The recipient is subsequently duped into clicking a malicious link, resulting in malware installation, system freeze, or the disclosure of sensitive information.
What are the Types of Phishing?
The aim of phishing attacks is the same though it has many types and ways of making someone victimized. Some common types of phishing attacks are given below.
1. Phishing Email
Phishing emails look like emails from a trusted source telling the story that misleads the victim to click on a targeted link or download the attachment. Most of the phishing emails say that they've noticed an unusual login attempt, but the fact is someone is looking behind you to fall into the trap.
Another standard phishing email says that there is an error processing your payment or creating an account. You may have already encountered these sorts of emails before. Actually, this is none other than an attempt to snatch your information.
However, some phishing emails say to confirm personal identity, avail government funds, and discount coupons.
2. Link Manipulation
Link manipulation is another type of phishing attack involving a malicious link that looks like a link from trusted sources. Initially, the link is similar to a renowned company or website, but you'll land on a different page made by the attackers.
Link manipulation mostly happens using referral links of many websites. For example, Facebook uses
l.php?u= extension to redirect external links when you click any outgoing link on Facebook. To be more exact, if you see a link like
https://google.com in Facebook and click on it, Facebook will redirect your request to
https://facebook.com/l.php?u=https://google.com', and it will be processed through the
Phishing attackers use this kind of URL to make you outsmart and put their phishing website link after the redirect parameter. Users see that the URL is from the website they use regularly, but initially, attackers manipulate the link with their phishing page.
Attackers redirect phishing URLs via popular and trustworthy websites. Take
https://phisingdomainexample.com as a phishing page example. In this case, attackers convince the victim to click on the link like
https://facebook.com/l.php?u=https://phisingdomainexample.com and follow the instructions. The phishing page could ask for sharing username, password, credit card information, and much other confidential information.
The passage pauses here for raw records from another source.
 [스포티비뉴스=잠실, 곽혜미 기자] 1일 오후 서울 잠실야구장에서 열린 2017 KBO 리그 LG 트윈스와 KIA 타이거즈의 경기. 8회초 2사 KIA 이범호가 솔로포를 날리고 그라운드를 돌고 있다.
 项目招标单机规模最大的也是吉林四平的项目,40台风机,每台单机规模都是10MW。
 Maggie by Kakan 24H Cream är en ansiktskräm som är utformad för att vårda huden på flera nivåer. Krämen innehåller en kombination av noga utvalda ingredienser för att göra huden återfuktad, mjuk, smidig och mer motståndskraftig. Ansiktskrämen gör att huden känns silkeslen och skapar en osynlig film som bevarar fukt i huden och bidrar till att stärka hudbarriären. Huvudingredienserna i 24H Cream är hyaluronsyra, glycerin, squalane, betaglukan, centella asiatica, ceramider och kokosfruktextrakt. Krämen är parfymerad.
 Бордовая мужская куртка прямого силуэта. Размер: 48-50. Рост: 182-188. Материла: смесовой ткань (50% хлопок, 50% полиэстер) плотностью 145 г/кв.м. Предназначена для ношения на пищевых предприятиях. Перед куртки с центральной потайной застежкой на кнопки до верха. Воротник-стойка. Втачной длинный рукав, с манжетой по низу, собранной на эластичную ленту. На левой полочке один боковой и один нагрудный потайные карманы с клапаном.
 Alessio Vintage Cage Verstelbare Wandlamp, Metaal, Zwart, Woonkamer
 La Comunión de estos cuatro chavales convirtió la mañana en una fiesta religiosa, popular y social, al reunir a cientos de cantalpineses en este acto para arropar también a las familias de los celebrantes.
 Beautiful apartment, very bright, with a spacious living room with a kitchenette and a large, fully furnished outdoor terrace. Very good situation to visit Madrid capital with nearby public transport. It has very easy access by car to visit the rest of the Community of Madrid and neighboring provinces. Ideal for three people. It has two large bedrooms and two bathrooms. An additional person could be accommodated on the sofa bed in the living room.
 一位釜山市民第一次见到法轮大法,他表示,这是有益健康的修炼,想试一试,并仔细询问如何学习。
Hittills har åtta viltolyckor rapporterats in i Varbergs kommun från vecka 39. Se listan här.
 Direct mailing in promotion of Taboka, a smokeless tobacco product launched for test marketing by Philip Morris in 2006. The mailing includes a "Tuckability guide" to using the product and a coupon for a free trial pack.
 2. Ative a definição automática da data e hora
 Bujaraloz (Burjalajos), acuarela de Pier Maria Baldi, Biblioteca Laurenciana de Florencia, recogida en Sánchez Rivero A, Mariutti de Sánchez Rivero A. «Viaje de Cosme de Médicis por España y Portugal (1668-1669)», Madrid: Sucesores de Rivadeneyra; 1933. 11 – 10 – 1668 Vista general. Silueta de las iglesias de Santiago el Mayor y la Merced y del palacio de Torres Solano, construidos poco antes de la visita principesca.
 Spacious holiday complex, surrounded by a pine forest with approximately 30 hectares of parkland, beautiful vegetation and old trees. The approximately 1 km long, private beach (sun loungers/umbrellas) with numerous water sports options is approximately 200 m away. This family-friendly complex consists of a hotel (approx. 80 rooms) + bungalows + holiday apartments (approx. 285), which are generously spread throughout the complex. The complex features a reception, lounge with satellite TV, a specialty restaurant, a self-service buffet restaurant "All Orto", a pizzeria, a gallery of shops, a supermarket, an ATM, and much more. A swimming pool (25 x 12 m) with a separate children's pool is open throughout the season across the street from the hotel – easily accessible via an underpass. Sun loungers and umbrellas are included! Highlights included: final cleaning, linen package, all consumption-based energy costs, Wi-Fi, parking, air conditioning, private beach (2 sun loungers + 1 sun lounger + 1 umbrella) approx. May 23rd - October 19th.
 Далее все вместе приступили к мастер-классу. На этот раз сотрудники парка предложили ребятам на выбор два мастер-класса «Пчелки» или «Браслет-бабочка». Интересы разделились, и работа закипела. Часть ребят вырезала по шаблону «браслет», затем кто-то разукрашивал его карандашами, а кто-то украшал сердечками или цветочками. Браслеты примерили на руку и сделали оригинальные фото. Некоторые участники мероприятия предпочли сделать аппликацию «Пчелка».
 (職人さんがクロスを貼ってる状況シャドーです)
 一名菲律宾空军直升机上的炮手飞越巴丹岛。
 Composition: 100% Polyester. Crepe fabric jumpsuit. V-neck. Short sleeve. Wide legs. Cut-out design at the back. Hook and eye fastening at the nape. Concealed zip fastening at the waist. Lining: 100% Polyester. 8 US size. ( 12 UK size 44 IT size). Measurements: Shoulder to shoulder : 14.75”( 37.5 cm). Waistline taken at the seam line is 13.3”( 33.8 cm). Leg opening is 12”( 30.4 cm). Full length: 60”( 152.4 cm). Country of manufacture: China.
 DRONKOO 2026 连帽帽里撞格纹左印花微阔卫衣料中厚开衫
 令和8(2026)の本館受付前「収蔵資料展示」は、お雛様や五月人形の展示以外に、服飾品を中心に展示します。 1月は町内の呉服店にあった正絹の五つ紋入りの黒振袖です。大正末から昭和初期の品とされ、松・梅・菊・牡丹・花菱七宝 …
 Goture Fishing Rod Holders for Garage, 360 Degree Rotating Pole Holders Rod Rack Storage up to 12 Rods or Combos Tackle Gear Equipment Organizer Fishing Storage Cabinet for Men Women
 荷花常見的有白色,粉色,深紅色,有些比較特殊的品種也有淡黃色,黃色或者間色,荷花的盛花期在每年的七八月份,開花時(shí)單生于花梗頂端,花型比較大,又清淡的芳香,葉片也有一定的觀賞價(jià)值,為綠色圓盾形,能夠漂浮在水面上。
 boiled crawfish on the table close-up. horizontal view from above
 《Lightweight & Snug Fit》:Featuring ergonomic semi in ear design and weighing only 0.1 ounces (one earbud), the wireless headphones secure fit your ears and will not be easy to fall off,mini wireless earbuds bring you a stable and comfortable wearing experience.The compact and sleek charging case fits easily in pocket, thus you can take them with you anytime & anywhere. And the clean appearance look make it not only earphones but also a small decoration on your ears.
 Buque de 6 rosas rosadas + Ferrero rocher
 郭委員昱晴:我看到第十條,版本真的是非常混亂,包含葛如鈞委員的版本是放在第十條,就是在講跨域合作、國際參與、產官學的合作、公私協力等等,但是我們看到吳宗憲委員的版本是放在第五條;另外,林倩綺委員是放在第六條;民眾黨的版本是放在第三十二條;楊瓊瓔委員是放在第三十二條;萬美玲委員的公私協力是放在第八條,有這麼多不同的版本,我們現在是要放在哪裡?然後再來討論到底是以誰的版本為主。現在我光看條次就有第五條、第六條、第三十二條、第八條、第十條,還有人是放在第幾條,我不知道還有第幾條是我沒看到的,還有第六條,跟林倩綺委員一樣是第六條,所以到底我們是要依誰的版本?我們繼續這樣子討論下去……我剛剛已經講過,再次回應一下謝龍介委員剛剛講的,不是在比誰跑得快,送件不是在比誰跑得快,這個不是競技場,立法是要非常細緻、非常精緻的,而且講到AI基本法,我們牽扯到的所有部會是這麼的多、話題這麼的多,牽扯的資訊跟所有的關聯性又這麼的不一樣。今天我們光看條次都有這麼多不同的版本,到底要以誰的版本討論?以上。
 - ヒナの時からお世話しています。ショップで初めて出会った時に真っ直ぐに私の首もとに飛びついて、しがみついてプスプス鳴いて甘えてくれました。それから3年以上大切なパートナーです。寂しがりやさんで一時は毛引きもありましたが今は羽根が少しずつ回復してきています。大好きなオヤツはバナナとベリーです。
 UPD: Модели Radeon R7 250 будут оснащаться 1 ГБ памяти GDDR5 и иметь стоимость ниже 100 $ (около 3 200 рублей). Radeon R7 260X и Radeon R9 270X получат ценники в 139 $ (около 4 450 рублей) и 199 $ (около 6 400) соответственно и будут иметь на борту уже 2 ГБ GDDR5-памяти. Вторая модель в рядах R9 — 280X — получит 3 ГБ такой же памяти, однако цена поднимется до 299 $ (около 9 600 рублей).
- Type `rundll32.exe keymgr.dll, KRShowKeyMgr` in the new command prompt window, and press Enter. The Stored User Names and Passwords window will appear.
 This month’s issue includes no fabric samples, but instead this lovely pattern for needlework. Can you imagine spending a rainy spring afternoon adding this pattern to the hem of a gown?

When the URL starts with a popular and regularly used website URL, most of the victim falls in the trap and sacrifices information to the attacker.
3. Spear Phishing
Spear phishing is a kind of personalized phishing attack targeting a specific person, business, or organization. Multiple layers of phishing attacks are used to penetrate the person or business.
The attacker first identifies the specific people who work for the company as a target. These people are typically in charge of the company information or the infrastructure.
Then the attacker collects information about the person or a group. They usually gather basic information like friends, family, colleagues, social media activities, and other general information.
Using this information, the attacker creates a target profile to analyze and understand the behavior or the target.
After that, the attacker tries to communicate digitally, mainly through email. Generally, the attackers pretend to be the senior colleague and instruct to do certain activities like changing passwords, providing company confidential information, and what the attacker needs.
Sending malicious attachments is another common way of spear phishing. The attacker sends the email that makes sense of urgency among the victim. Following curiosity or fear, the user downloads the attachment and falls into the trap.
4. Fake Websites
Fake websites are another way of organizing a phishing attack. First, the attacker registers a domain name similar to a popular domain.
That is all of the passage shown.